プログラミングは学校の科目でいえば家庭科。

プログラミングの世界では単なるテキストでしかないはずのコードを書いて実行するだけでまったく新しい表現を作り出すことができます。これは文学や音楽や美術の世界に通じるものがあるように思います。また、アプリやウェブサービスなどの価値や機能を生み出し、これを他者へ公開し提供することもできます。一個人がわずかなコストでその表現手段や開発環境を手にできる時代、これを使わないなんてもったいない。

さて、そういう風に言うと、プログラミングが一握りの才能あるエンジニアやアーティストたちだけのものと思われてしまうかもしれません。確かに今まではそうだったかも。ほとんどの人は一行もコードを書くことなく人生を終えてたでしょう。しかしこれからはまったく変わってくると思うのです。本来プログラミングは職業としてプログラマーをやっている人だけのものではありません。料理はシェフだけの特権じゃないし、工具は大工さんだけのものじゃないのと同じ。

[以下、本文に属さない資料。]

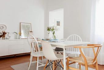 Hace poco terminó con la decoración de su piso de alquiler de 70 m² y me mostraba orgullosa las fotos de su hogar. Margot vive con su marido en Ventas, en Madrid, en un piso de 3 habitaciones de las cuales una hace las veces de salón (con zona de estudio) y otra de vestidor y para el comedor ha utilizado una sala que era zona de paso, que no puede ser mejor forma de aprovechar el espacio y la verdad, no puede haber quedado mejor, es el corazón del piso.

冷蔵庫の有り合わせの食材で手際よく昼ごはんを作れたり、ちょっとガタついてきた扉をドライバーで締め直したり、そういうことが自然にできる人はとてもかっこいい。

プログラミングも同じだと思うのです。実はきっとすごく日常的で実用的なスキルなんじゃないかと。勉強のための勉強、のようなものではなく、早いうちから自分で手や頭を動かしてコードを書いてみることを経験しておくことで、必要なときにちゃちゃっとコードを書いて、身の回りの問題解決ができる人になれるのではないでしょうか。そういう意味で、学校の科目で言えば実技教科、そして芸術系の美術や音楽ではなく、家庭科が一番近いイメージ。もっとちゃんと学んでおけばよかったなあ家庭科。まあ、理屈や打算ぬきにしてコードを書くのは楽しい。プログラミングで人生をちょっと豊かに。みたいな。